A recent friend’s split was particularly ugly. She sided with one of them after learning the other went to ChatGPT, a notoriously poor therapy substitute, not their partner, when they needed to talk about their feelings. “It’s like they didn’t want to sit through any difficult human feelings,” she said. “They just wanted to deal with something and move on, which is not how things work.”

Suddenly I couldn’t do it by myself. I was too dependent on AI to do the simplest things [at work].

Richard Barnes, a 31-year-old marine biologist and server in Hawaii, shares similar views. “I don’t know if I would think otherwise about someone who uses ChatGPT, but I would be like, ‘come on,’” he said. “You don’t need to rely on it to make a grocery list. Your life is likely not that hard. We can make the list together.”
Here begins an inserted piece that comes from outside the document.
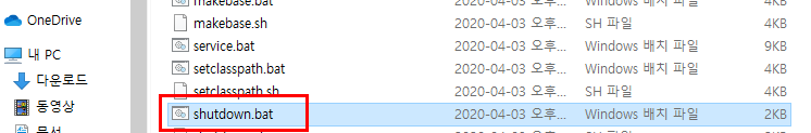 중지할 때는 bin폴더의 shutdown.bat 프로그램을 이용한다. 혹은 그냥 창을 닫아도 된다.

Celebrity and Industry Resistance.

Guillermo del Toro’s statement that he’d “rather die” over using AI received significant attention. Similarly, SZA’s Instagram stories rant against the tech cautioning about “environmental racism” and showing fear over users who are “codependent on a machine”. Ditto still for when Simu Liu, Alison Roman, Céline Dion, Emily Blunt, and others issued statements that are critical of AI in their various industries. I think these quotes spread widely for a cause: people agree with them.

Even, to an degree, the people who power the tech industry. Last month, Pinterest added a filter that lets users disable AI content. Meta lets users hide, but not entirely remove, comparable content on Instagram. Sources indicated that “cursor resistance” is on the rise, as some Silicon Valley techies won’t use AI to write their code.

{Luciano Noijeen, a lead software engineer based in Greece and the Netherlands, told me that he eagerly used AI in the past to write or punch up his coding.|According to Luciano Noijeen, a {lead|

Barbara Dunlap
Barbara Dunlap

Lena is a seasoned travel writer and outdoor guide with over a decade of experience exploring remote destinations and sharing practical tips.